WHAT TO WORK ON — In the entries that follow, the lines from the one with "4、提示玩家需要将客户端更新到**版,点击更新即可。" through the one with "bustier and pants" are the ones to write out, exactly and with both ends included. Nothing else should appear.

SUPPLIED DATA —
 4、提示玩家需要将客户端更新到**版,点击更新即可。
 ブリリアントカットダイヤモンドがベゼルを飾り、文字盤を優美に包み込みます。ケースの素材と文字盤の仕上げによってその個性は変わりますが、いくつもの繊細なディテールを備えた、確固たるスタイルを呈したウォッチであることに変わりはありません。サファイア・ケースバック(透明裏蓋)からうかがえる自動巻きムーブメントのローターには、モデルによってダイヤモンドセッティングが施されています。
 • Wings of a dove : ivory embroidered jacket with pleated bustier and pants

...

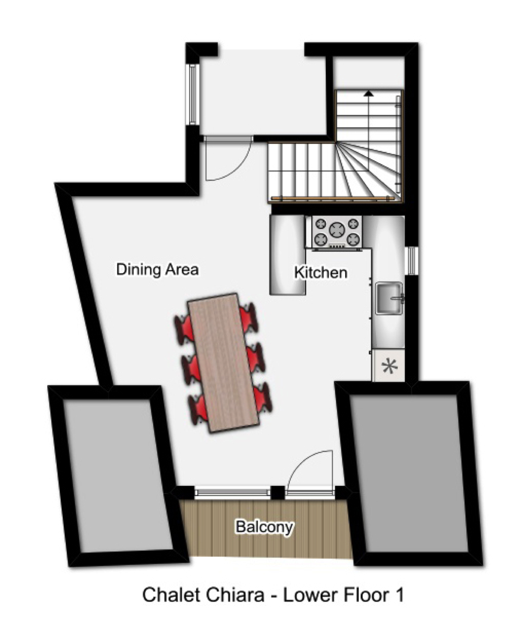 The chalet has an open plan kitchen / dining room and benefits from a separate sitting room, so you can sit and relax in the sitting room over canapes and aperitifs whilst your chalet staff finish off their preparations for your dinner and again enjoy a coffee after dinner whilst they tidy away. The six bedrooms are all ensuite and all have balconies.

TASK SOLUTION —
 4、提示玩家需要将客户端更新到**版,点击更新即可。
 ブリリアントカットダイヤモンドがベゼルを飾り、文字盤を優美に包み込みます。ケースの素材と文字盤の仕上げによってその個性は変わりますが、いくつもの繊細なディテールを備えた、確固たるスタイルを呈したウォッチであることに変わりはありません。サファイア・ケースバック(透明裏蓋)からうかがえる自動巻きムーブメントのローターには、モデルによってダイヤモンドセッティングが施されています。
 • Wings of a dove : ivory embroidered jacket with pleated bustier and pants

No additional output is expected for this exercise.